Edit strings vars in compiled exe? C++ win32

I want to have a few strings in my c++ app and I want to be able to edit them later in the deployed applications (the compiled exe), Is there a way to make the exe edit itself or it resources so I can update the strings value?
The app checks for updates on start, so I'm thinking about using that to algo send the command when I need to edit the strings (for example the string that contains the url used to check for updates).
I don't want to use anything external to the exe, I could simply use the registry but I prefer to keep everything inside the exe.
I am using visual studio 2010 c++ (or any other version of ms visual c++).
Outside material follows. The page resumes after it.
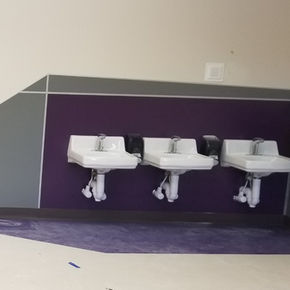 A school wanted to place these "Way Finders" at the enterance to each hallway. The contractor gave us drawings of what was wanted, and we drafted, cut, painted and installed these. They were so much fun to work on and really brightened up the school hallways!

I know you said you don't want to use anything external to the program, but I think what you really want in this case is a resource-only DLL. The executable can load whichever DLL has the strings that you need in a given invocation.

Another idea is to move the strings into a "configuration" file, such as in XML or INI format.
Modifying the EXE without compilation is hacking and highly discouraged. You could use a hex editor, find the string and modify it. The new text must be have a length less than or equal to the original EXE.
Note, some virus checkers perform CRCs or checksums on the executables. Altering the executables is a red flag to these virus checkers.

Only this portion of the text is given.